The ICO has a new funding model which will help it dedicate more resources into investigating allegations of non-compliance. It won’t get to them all immediately, but SME owners cannot afford to rely on staying under the radar. In the first year of the new data protection law, there were 89,000 breaches reported to European regulators. By March 2019, €55m had been levied in fines. Although the majority of this was the Google penalty, it still shows that regulators have been handing out smaller but significant sums over the period.
It’s all about perception
The signs don’t look good. A report from insurer Hiscox last year revealed that over a third (39%) of SME owners don’t know what kind of company the GDPR is designed to regulate, while one in 10 said they didn’t think it grants consumers any new rights. This lack of awareness is a concern – hopefully the increased publicity these large fines are generating will change things. However, communications about GDPR were also listed by SMEs as one of the most annoying online trends of 2018, alongside PPI phone calls and website pop-ups. The message is not getting through.

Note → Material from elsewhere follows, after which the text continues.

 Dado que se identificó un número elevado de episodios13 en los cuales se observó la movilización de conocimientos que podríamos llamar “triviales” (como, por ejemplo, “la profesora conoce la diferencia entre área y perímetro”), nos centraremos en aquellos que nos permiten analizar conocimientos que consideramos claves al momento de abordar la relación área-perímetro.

Small business owners need to get on top of this, and fast. Part of the problem with compliance is that it is usually seen as a burden – something to devote the minimum possible resources to in order to get over the line. With GDPR, that will not do. There’s no destination for compliance, nor is there an easy checklist to tick off. It’s all about continual process improvements and ensuring data protection tools remain “state of the art”.
A good way to start would be to see GDPR not as another onerous compliance requirement, but an opportunity to build customer trust and differentiate from the competition on improved security. This would not only help your business to hopefully drive profits, but it would also minimise the chances of a damaging security breach, and all the resulting remediation, investigation, legal, staffing and other costs that are typically associated.
Time for compliance
With that in mind, consider the following list as a rough guide on where to start with GDPR compliance. Although, if you’re struggling, don’t be afraid to reach out to the ICO. The regulator knows that many SMEs have limited resources – the key is to show that you are trying to change things.

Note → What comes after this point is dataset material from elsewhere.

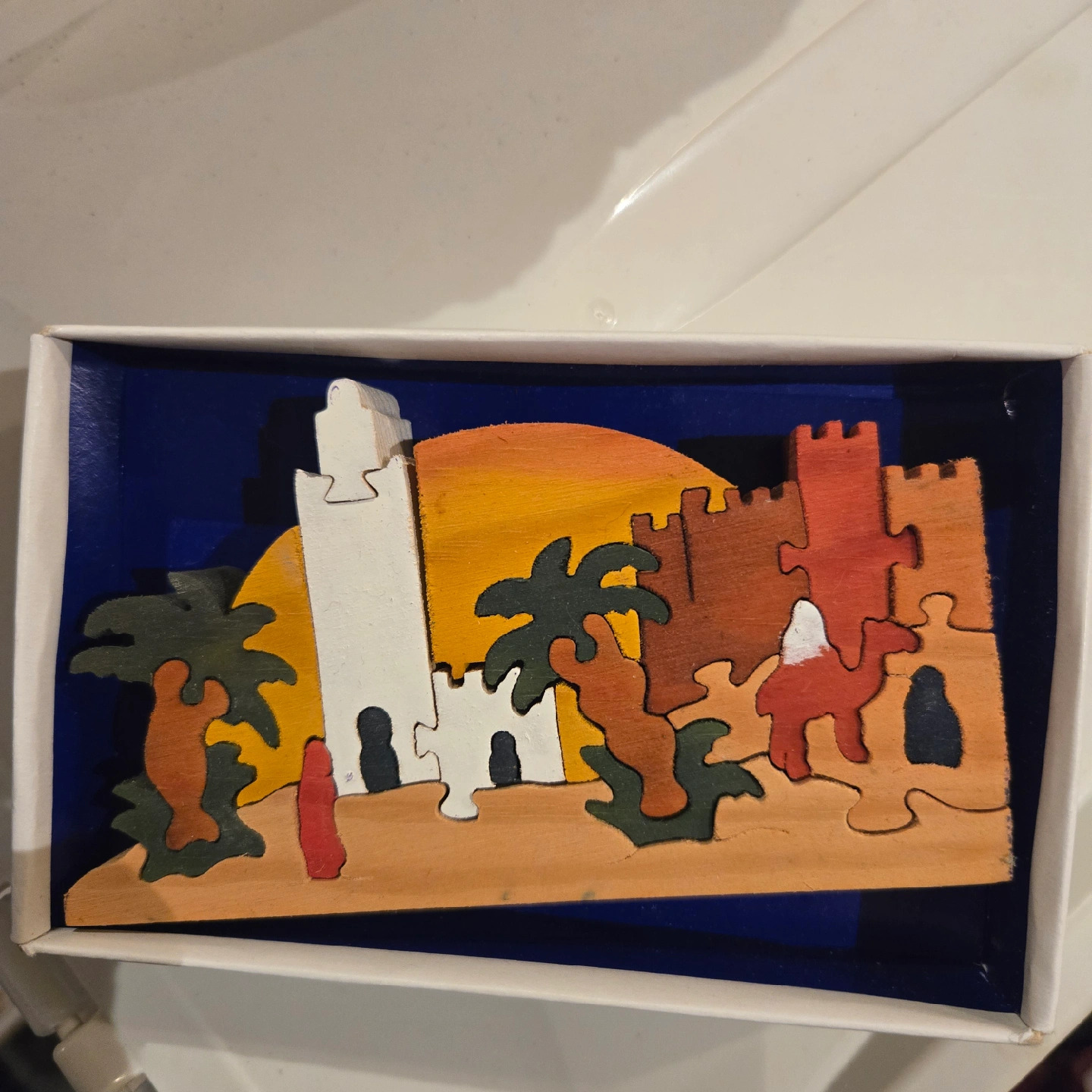 A cute little wooden puzzle depicting a desert scene with palm trees, a camel, and a building! It's in great shape and comes in its original box. It was made in Morocco

- Perform a full data audit to understand what you process, where it flows, and which data is high risk
- Run regular end-user awareness raising exercises for all staff, including real-life phishing demos
- Ensure your third parties are maintaining the same standards of GDPR-compliant security and update contracts to reflect this
- Design and regularly test an incident response plan
- Keep all devices, PCs, servers and software up to date
- Follow best practice standards and frameworks. Start with [Cyber Essentials](https://www.cyberessentials.ncsc.gov.uk/advice/). BS 10012:2017 personal information management system (PIMS) and ISO 27001:2013 information security management system (ISMS) may also help
- Consider outsourcing some or all security functions to a managed security services provider
- Appoint a Data Protection Officer if required
- Apply relevant best practice controls on that data, including:
- Endpoint, network, server and web/email gateway protection, ideally from a single reputable provider
- Tight access controls (least privilege) and multi-factor authentication (MFA)
- Continuous networking monitoring for threats
- Strong encryption for data at rest and in transit
- Pseudonymisation technology
- Mobile device management controls
Above all, remember that GDPR compliance is not a single process that you can tick off and move on. It will require constant attention and a close eye on what regulators are demanding, as requirements may change over time. Follow the ICO for updates.